We have highlighted two particular modelling approaches that are currently in individual use within ecology and social science, but which are rarely integrated (but see [28] for a public health example). We used the example of a particular conservation problem to show how their integration could bring benefits. But there is also a wider point: that methodological interchange between the social and ecological sciences is still more limited than it should be, even though they use the same modelling approaches in their own disciplines. For example, social and ecological feedbacks have been separately incorporated into systematic conservation planning, but not modelled together [82]; without incorporating both, the consequences of conservation action on the social–ecological system cannot be properly understood [5].
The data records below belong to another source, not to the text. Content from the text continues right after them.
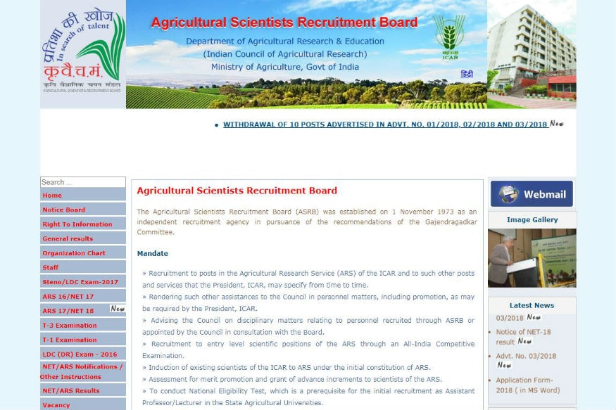 ASRB Recruitment 2018 notification to fill 31 vacancies for the post of Director, Deputy Directors General, Assistant Directors General and Project Director/ Joint Director has been released on the official website of Agriculture Scientists Recruitment Board (ASRB), New Delhi - asrb.org.in.from Top India News- News18.com https://ift.tt/2ImguO9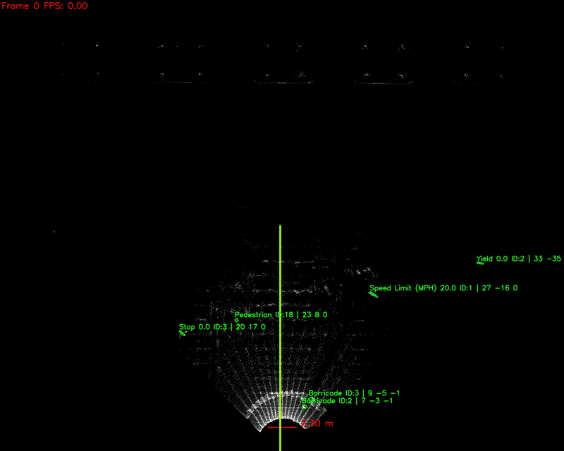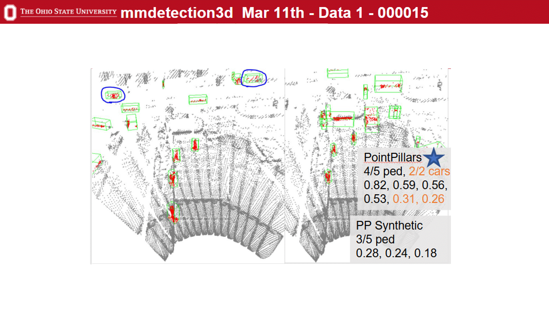 During my first year on the team, I evaluated various 3D object detectors comparing inference speed when ran only on Intel hardware, and their accuracy on our LiDARs provided by Cepton. We ultimately selected PointPillars through its close integration with mmdetection3d and ability to be optimized with OpenVINO to improve inference speed. The model was trained on synthetic data from AIODrive that was generated to be in the scan pattern of our Cepton LiDARs. As the 3D perception subteam lead, I also worked closely with my group to integrate a 3D multi-object tracker model, dynamics prediction, and other post-processing algorithms.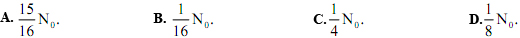 Câu 57: Ban đầu một mẫu chất phóng xạ nguyên chất có No hạt nhân. Biết chu kỳ bán rã của chất phóng xạ này là T. Sau thời gian 4T, kể từ thời điểm ban đầu, số hạt nhân chưa phân rã của mẫu chất phóng xạ này là:![]()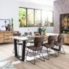 De woonkamer CUEDO heeft een industriële stijl met karakter. De lichte eikenkleur geeft een warme sfeer aan jouw kamer. De details en de metalen poten zijn aanwezig om contrast aan te brengen in het meubel. De deuren schuiven op wieltjes. LED-verlichting in de buffet en de vitrine is inbegrepen.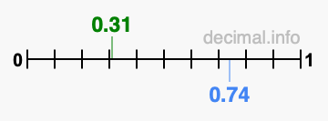 You have come to the right place if you want to know if 0.31 is greater than 0.74. We think that the easiest way to determine which is greater, 0.31 or 0.74, is to plot both values on a number line.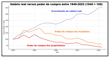 O governo afirma que os salários reais aumentaram 252% desde 1950. A matemática acima apresentada diz que se perdeu 61% do poder de compra nesse período.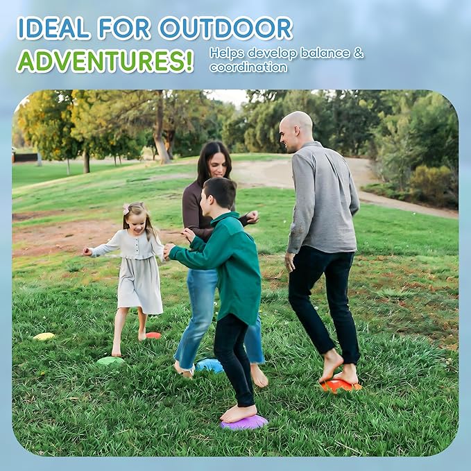 - Non-slip Bottom Design: Our stepping stones feature a non-slip surface and thick rubber bottom, making them friendly for kids to play on any surface, including carpet, floor, and grass. Each balance stone with beautiful color can hold up to 200 lbs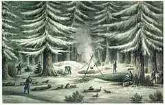 Winter arrived early, game became even scarcer than it had already been, and by 7 September 1821 the expedition's rations were exhausted. Apart from the rare deer they managed to kill, they were reduced to eating barely-nutritious lichens—christened tripe de roche—and the occasional rotting carcass left by packs of wolves. Desperation was such that they even boiled and devoured the leather from their spare boots.[25]

Part of the reason for this lack of integration is likely to be linguistic mismatches, such that it is not immediately clear that studies in ecology and social science are talking about the same thing (such as the terminology of individual-based versus agent-based model; [83]). Partly it may be that people still do not read papers in core disciplinary journals outside their own disciplines. To take one example, there is a growing literature on the determinants and consequences of network structure in ecology (e.g. in great tits, Parus major; [25,84]) and epidemiology (e.g. [27,85]) which is of direct relevance to conservationists' work on information-sharing between people, but as yet this linkage has not been explored. As conservation science becomes a discipline in its own right, one danger is that its interdisciplinary journals draw further away from its foundational disciplines, potentially leading to a lack of cross-fertilization. Interdisciplinarity is hard to achieve [86] and modelling is often viewed with suspicion by both conservationists and ecologists [87,88]. However, because conservationists operate within social–ecological systems, and aim to influence those systems in order to promote sustainability, it is important that these barriers to cross-disciplinary working are overcome.

The combined use of ABMs and SNAs to model the interactions between individual- and system-level dynamics, and predict the effect of conservation interventions on system dynamics, is one example of a way forward. This particular application will be further strengthened if we move beyond model-based prediction towards empirical testing of our hypothesized dynamics in the real world, within an adaptive management framework [89].